Taking the annotation of L. excelsa as a reference, MVISTA was carried out with the cp genome sequences of 22 Lythraceae species. After the 22 cp genomes were pair wise compared, we found that the similarity between the sequences was rather high. From Fig. 2, it is apparent that the 14 Lagerstroemia species are separated from the eight other Lythraceae species. The divergence among the 14 Lagerstroemia species was low. The LSC and SSC regions had more variation than the IR regions, and the noncoding regions had greater differentiation than the coding regions. Some regions contained more variation, such as ndhF, ndhH, matK, ycf2, rpl22, accD, rpoB, rbcL, psbK among the coding genes and psbM-trnD, trnI-trnA, ndhF-rp132, rp132-trnL, ndhD-psaC, atpA-atpF, trnI-GAU intron, trnK-rps16, trnH-psbA among the intergenic regions (Fig. 2). Similar divergence levels were measured for these regions previously [32, 33].

Fig. 2
figure 2

Sequence alignment of whole chloroplast genomes using the Shuffle LAGAN alignment algorithm in mVISTA. Lagerstroemia fauriei was chosen to be the reference genome. The vertical scale indicates the percentage of identity, ranging from 50 to 100%

Compared to the LSC and SSC regions of the 22 cp genomes, the IR regions were most conserved in terms of the sequence and number of genes. However, large variations also existed in connections between the IR, LSC and SSC regions. Inversion and translocation were not detected in the compared genomes. IR amplification and contraction were the main reasons for the difference in the size of these 22 cp genomes.
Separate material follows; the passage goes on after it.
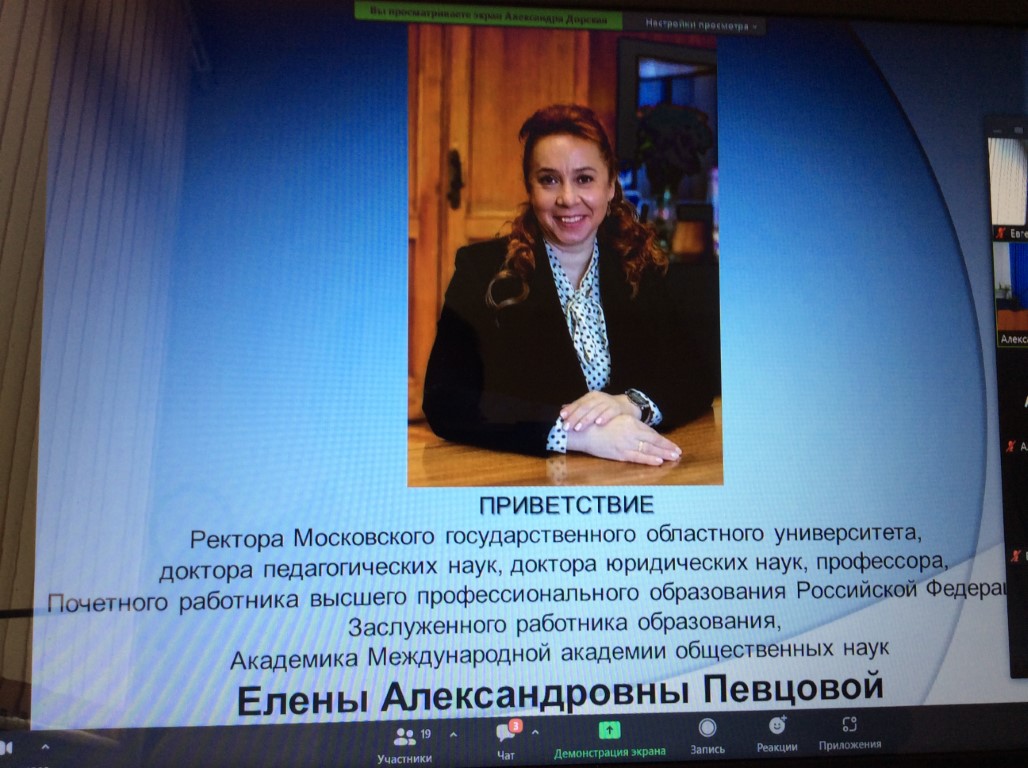 Приветствие ректора Московского государственного областного университета Е.А. Певцовой. Фото Е. Поцелуева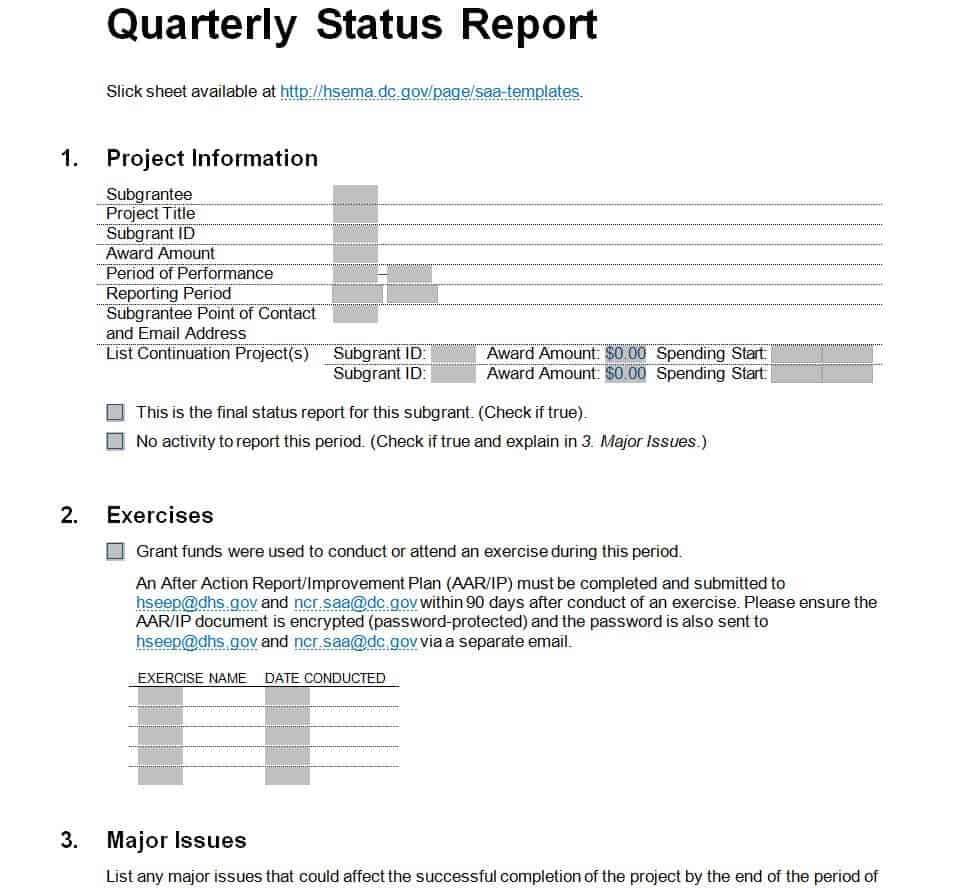 Quarterly Project Status Report Template Printable

Significant differences in evolutionary rates were present among the genes across the 22 Lythraceae species analyzed. Overall, the mean Ka/Ks were less than 0.5 for most genes (92.21%). 17 genes showed Ka/Ks higher than 1 for at least one species. Among the 17 genes, seven genes (rbcL, psbJ, rpl2, rpl20, rpl23, ccsA and ycf4) presented these high rates for at least 15 species. The results showed that the seven genes may be under positive selection. Seven genes associated with photosynthesis (psbN, psbI, psaC, atpH, petD, psbD and psbM) showed the lowest rates of evolution (mean Ka/Ks = 0 to 0.0057), and showed uniform rates in most species evaluated. The Ka/Ks of psbN, psbI, psaC and atpH were 0 because there were no non-synonymous substitutions (Additional file 3: Table S3).

In order to detect a possible evolutionary rate acceleration in particular phylogenetic branches, We analyzed three genes with most variable Ka/Ks, namely rpl23 (large subunit of ribosome), rbcL (large subunit of rubisco) and ycf4 (genes of unknown function). Since the Ka/Ks in comparison among 14 Lagerstroemia species were almost 0, we compared the Ka/Ks at rpl23, rbcL and ycf4 in comparison of 14 Lagerstroemia species and the remaining eight Lythraceae species. For the rpl23 gene, the Ka/Ks ranged from 0.891 to 1.8077 except for the comparison with D. grandiflora. There was no non-synonymous substitution between Lagerstroemia species and D. grandiflora in addition to L. excelsa. As seen in the phylogenetic tree, the relationship between the D. grandiflora and the 14 Lagerstroemia species was closer than the other seven Lythraceae species. For the rbcL gene, the Ka/Ks ranged from 0.1119 to 0.3849, which may be due to a low Ks value (0.0046–0.0177). For the ycf4 gene, in addition to the comparison with W. fruticosa (2.4259–2.8340), the ratio of Lagerstroemia species and other seven Lythraceae species ranged from 0.0305 to 0.8758. The result showed that the rpl23 gene evolved faster than rbcL and ycf4. The Ka/Ks for the three genes of clade L. intermis-R. rotundifolia were invalid due to the Ks was 0. The Ka/Ks for the ycf4 and rbcL of clade P. granatum-W. fruticosa were 0.04 and 2.205, for rpl23 was invalid (Additional file 3: Table S3).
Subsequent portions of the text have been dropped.